Participants were 734 students from a Northeastern university who received a judicial sanction for an alcohol-related offense and were participating in a larger study examining the efficacy of three, group-based alcohol interventions (Cimini et al., 2009; see Table 1 for demographic information for Sample 1 and Sample 2). Participants who provided complete data on the RAPI at baseline were included in Sample 1: n = 703, 96% of the total sample. Those who completed the RAPI at 6-month follow-up were included in Sample 2: n = 456, 62.8% of the total sample.

Table 1.

Demographics.

Characteristic Sample 1, % (n = 703) Sample 2, % (n = 456)
Gender
 Male 62 58
 Female 38 42
Ethnicity
 White 82.80 82.40
 American Indiana 4.40 4.10
 Asian 0.30 0.20
 Native Hawaiian/Pacific Islander 0.30 0.20
 Black 2.50 2.60
 Hispanic 6.40 6.70
 Multiracial 1.30 1.40
 Other ethnicity 2.00 2.40
Age Mean = 19 (SD = 0.83) Mean = 19 (SD = 0.82)
Year in school
 Freshman 50 48
 Sophomore 36 35
 Junior 13 15
 Senior 1 2
Living situation
 On campus 97 98
 Off campus 3 2

This study’s procedures will only be summarized here and were reported in detail elsewhere (see Cimini et al., 2009). College students who committed an on-campus judicial infraction involving alcohol and were mandated by the university to attend an alcohol intervention were eligible to participate in the study. They had the option of participating in the research intervention or an alternative intervention provided by the university counseling center, which required a similar time commitment. Those interested in participating completed a series of questionnaires at baseline and attended one of the three 90-min group intervention sessions after completing baseline measures. Participants completed a battery of questionnaires at 6-month follow-up and 12-month follow-up and received a US$25 gift card after completing each portion of the study. Institutional review board approval was obtained for this project. The interventions had no effect on alcohol use or alcohol-related problems (Cimini et al., 2009); thus, for these analyses, participants were collapsed across conditions.

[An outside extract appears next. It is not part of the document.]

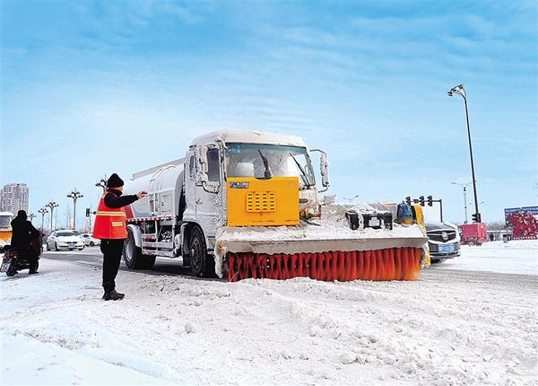 1月19日,環(huán)衛(wèi)工在關(guān)帝廟廣場(chǎng)清掃積雪,保障道路暢通。

Within the battery of baseline questionnaires, participants were asked to complete demographic items and an alcohol problems measure. Participants completed demographic items that obtained information such as gender, ethnicity, age, and year in school. Additionally, participants were asked to complete the 23-item RAPI (White & Labouvie, 1989) by indicating the frequency they experienced a specific alcohol-related problem within the past 6 months on a 5-point Likert-type scale (1 = never to 5 = more than 10 times).

Models

Before conducting analyses, we examined the 23 RAPI items to determine a priori those items that appeared to reflect and/or affect the latent construct of alcohol-related consequences. When selecting items to be treated as effect indicators, we followed the definition that effect indicators are determined based on both conceptual and empirical grounds, where part of the empirical evidence is garnered through conducting tetrad tests (see Bollen et al., 2009). Since the RAPI was a preexisting measure, we used a similar framework for decision making posited by Coltman and colleagues (2008). In essence, the important conceptual questions Coltman and colleagues (2008) suggested asking include (1) is the latent construct (e.g., alcohol problems) independent of its indicators or a combination of them? (2) what direction is the causality between the latent construct and the items used to measure the construct? and (3) how are the indicators characteristically related such as thematically similar, interchangeable, and if the conceptual domain of the construct changes with the omission or removal of an item? In addition to conceptual questions, we considered empirical questions as suggested in relation to how items intercorrelate and in what ways do the items and latent construct share relationships with related variables used to test convergent/discriminant validity and considerations of measurement error and collinearity (Coltman, Devinney, Midgley, & Venaik, 2008).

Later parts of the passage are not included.